When applying a force outside of the center of mass of the body, the body will get both linear and angular momentum. Right?
Does the linear velocity from this force equal to the linear velocity from the same force, which is applied on the center of mass?
$$v_{\text{center}} = v_{\text{non-center}}\quad\text{? (no vectors)}$$
If it does: How is it that the energy applied to the system is equal? In one we have both rotation and linear movement, and in the other just linear movement.
If you apply the same force for the same period of time, the linear velocity of the body will be the same in both cases, assuming the body is unconstrained. However, having applied the same force for the same amount of time does not mean that the same amount of energy has been transferred. The energy, or the work done by the force, is the force times the displacement along the direction of the force. This displacement will be greater if the force is not applied through the center of mass.

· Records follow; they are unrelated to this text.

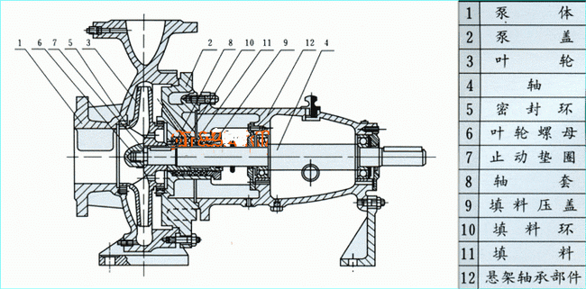 IS、IR型單級單吸離心|泵結構圖IS、IR型單級單吸離心泵結構說明: IS、IR型泵系根據國家標準ISO2858所規定的性能和尺寸設計的,主要由泵體(1)、泵蓋(2)、葉輪(3)、軸(4)、密封環(5)、軸套(8)及懸架軸承部件(12)等所組成。 IS、IR型泵的泵體和泵蓋的部分,是從葉輪背面處剖分的,即通常所說的后開門結構形式。其優點是檢修方便,檢修時不動泵體,吸入管路,排出管路和電動機,只需拆下加長聯軸器的中間聯接件,即可退出轉子部件,進行檢修。 泵的殼體(即泵體和泵蓋)構成泵的工作室、葉輪、軸和滾動軸承等為泵的轉子。懸架軸承部件支承著泵的轉子部件,滾動軸承承受泵的徑向力和軸向力。 為了平衡泵的軸向力,大多數泵的葉輪前、后均設有密封環,并在葉輪后蓋板上設有平衡孔,由于有些泵軸向力不大,葉輪背面未設密封環和平衡孔。 泵的軸向密封環是由填料壓蓋(9),填料環(10),和填料(11)等組成,以防止進氣或大量漏水。泵的葉輪如有平衡。則裝有軟填料的空腔與葉輪吸入口相通,若葉輪入口處液體處于真空狀態,則很容易沿著軸套表面進氣,故在填料腔內裝有填料環通過泵蓋上的小孔將泵室內壓力水引至填料環進行密封。泵的葉輪如沒有平衡孔,由于葉輪背面液體壓力大于大氣壓,因而不存在漏氣問題,故可不裝填料環。 為避免軸磨損,在軸通過填料腔的部位裝有軸套保護,軸套與軸之間裝有O形密封圈,以防止沿著配合表面進氣或漏水。 泵的傳動方式是通過加長彈性聯軸器與電動機聯結的。泵的旋轉方向,從驅動端看,為順時針方向旋轉。
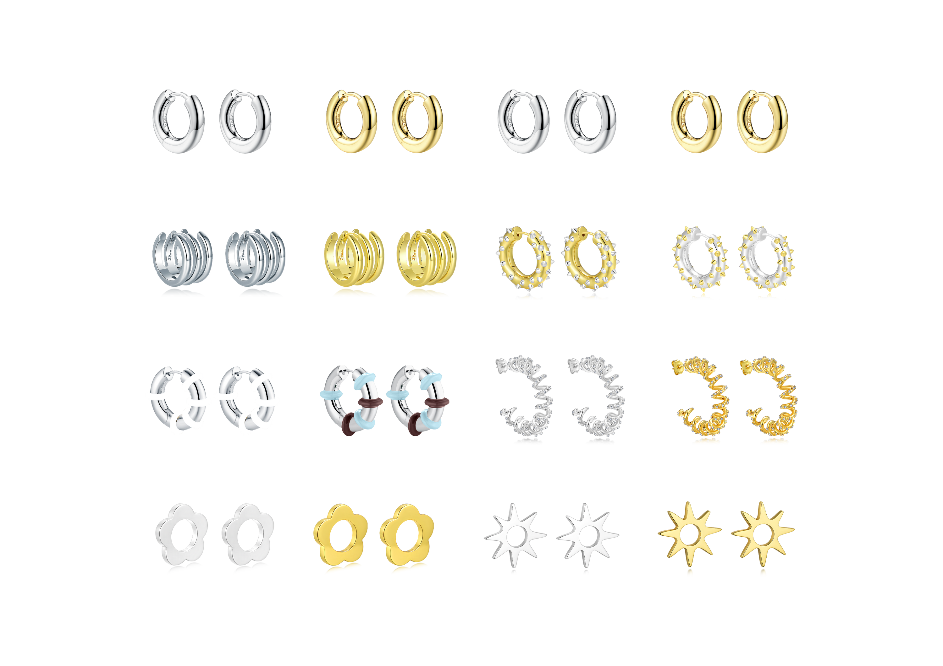 Mini Gold Hoops & Medium Gold/Silver Spike Hoops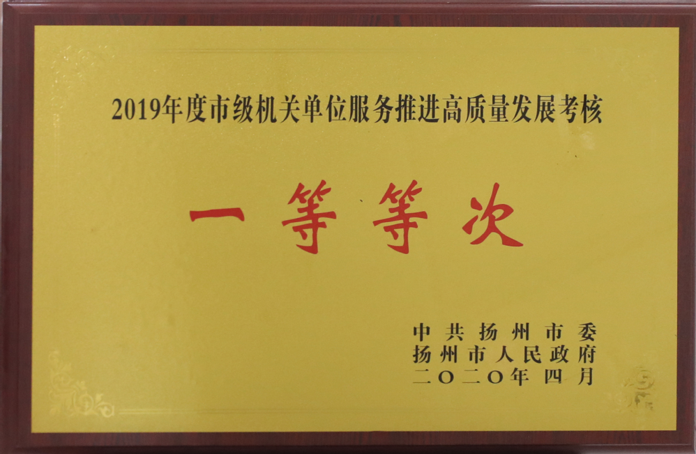 2019年度市級機關(guān)單位服務(wù)推進高質(zhì)量發(fā)展考核一等等次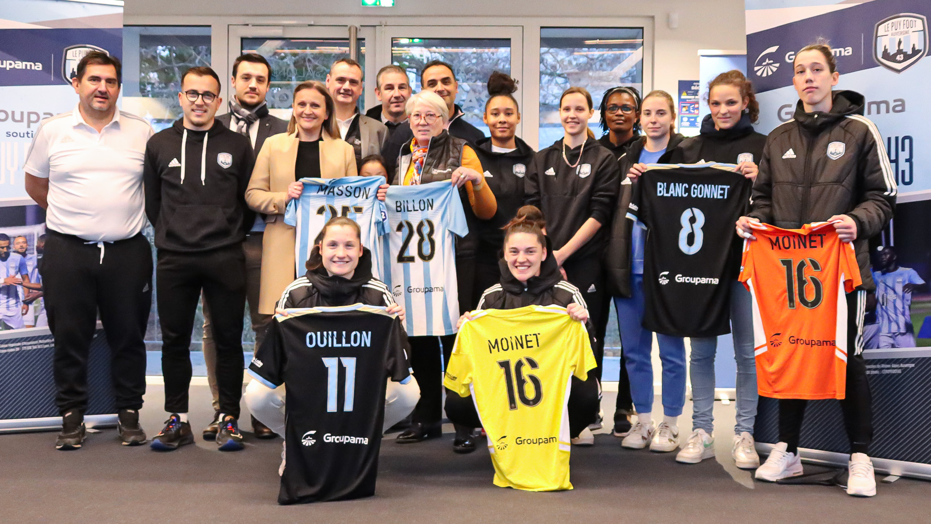 Le partenariat entre Le Puy Foot 43 et Groupama Rhône-Alpes Auvergne se poursuit. Ce jeudi 2 mars, le club recevait son partenaire dans les loges du Stade Massot afin de lui présenter les maillots de l’équipe D2 Féminine, floqués au dos du logo Groupama.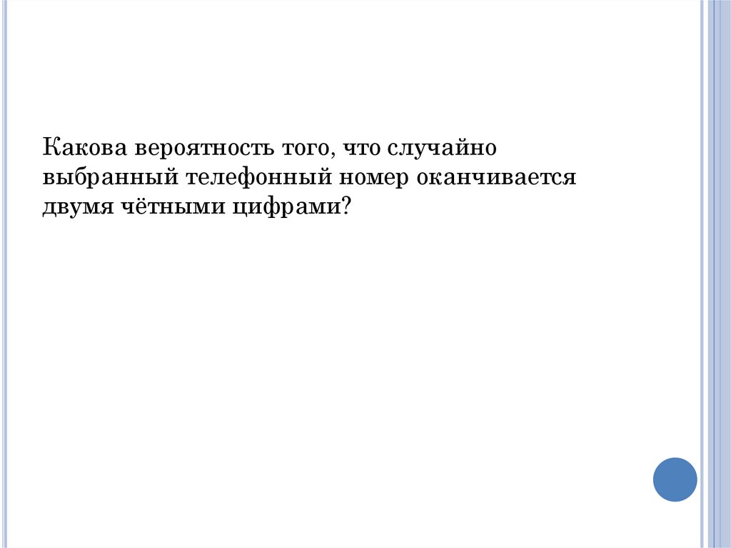 Какова вероятность того, что случайновыбранный телефонный номер оканчивается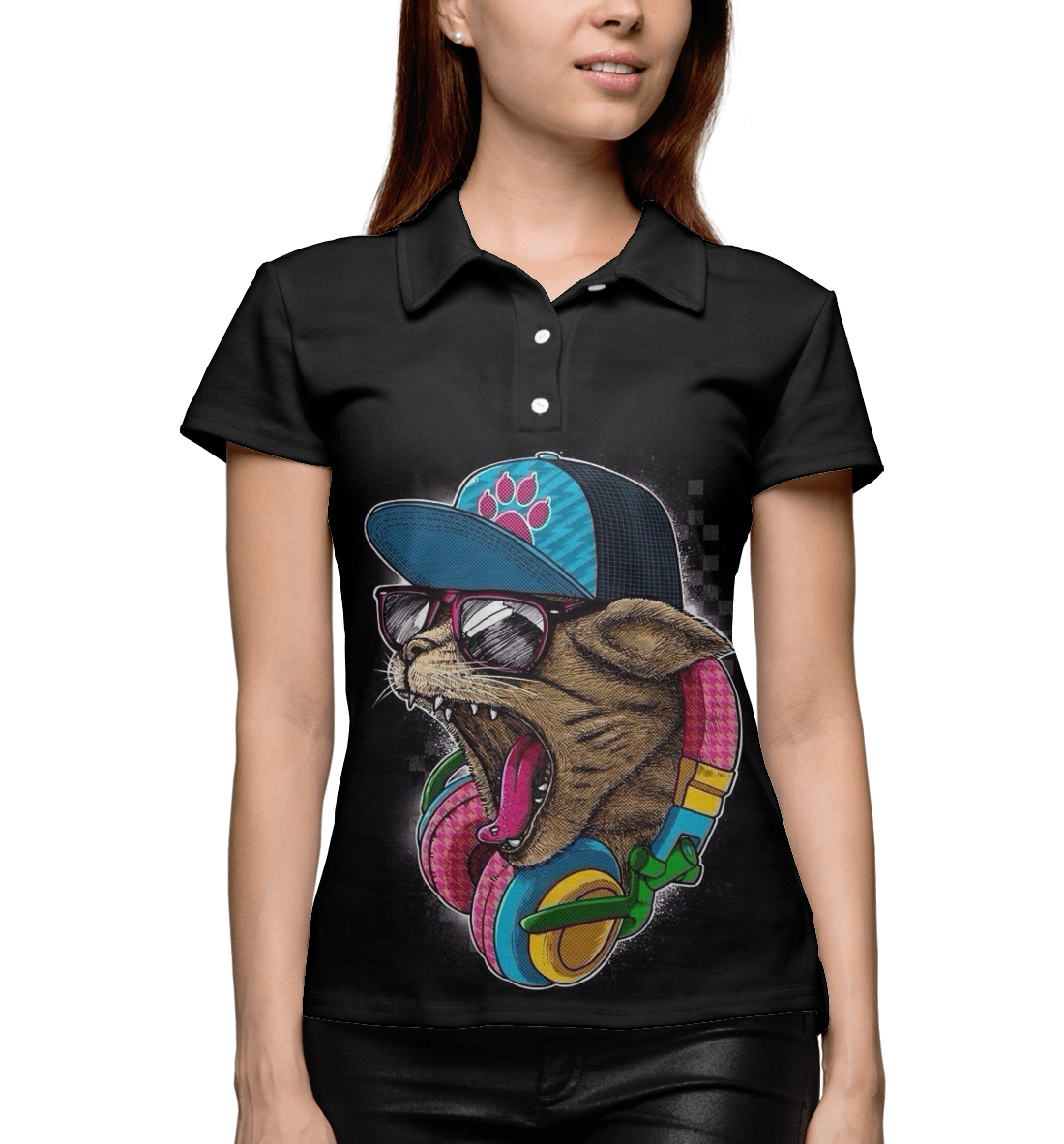 Женское поло с принтом «кот в кепке»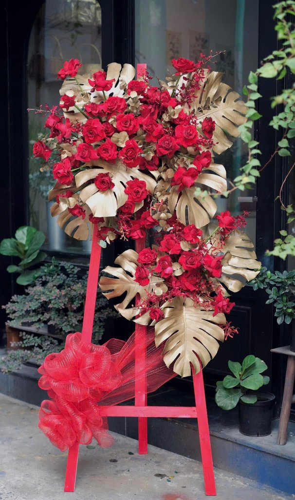 Kệ hoa khai trương tone đỏ mang đến sự thịnh vượng, lộc lá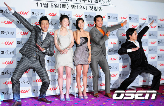 [OSEN= 백승철 인턴기자] 1일 오후 서울 용산 CGV에서 열린 채널 CGV 'TV방자전' 제작보고회에 참석한 출연진들이 포토타임을 갖고 있다.

EDIT: I think the problem is that your intuition tells you that applying a force $F$ to a body for a certain time period $\Delta t$ means that you are transferring energy proportional to $F\cdot\Delta t$. This is not true in the general case. The energy transferred is the work done by the force: $F\cdot d$, where $d$ is the displacement along the direction of the force of the point that the force is applied to. Basically, when you apply the force along the center of mass of the body, the displacement will be smaller, because it corresponds to an equal displacement of the whole body, but when you apply the force further from the center of mass, the displacement will be larger because it is a combination of displacement of the whole body and rotation of the body.
A simple example would be two baseballs of mass M connected by a 1-meter stiff bar, placed on tees 1 meter apart. You hit one baseball with a bat, but not the other one. This imparts a velocity V to the one you hit, and velocity 0 to the one you didn't hit.
So immediately after hitting, the total momentum is $MV$, and the kinetic energy is $MV^2/2$. If instead you had imparted the same momentum to the center of the bar, the momentum would be divided between the two masses $2MV/2 = MV$ and the energy would be $2M(V/2)^2/2 = MV^2/4$.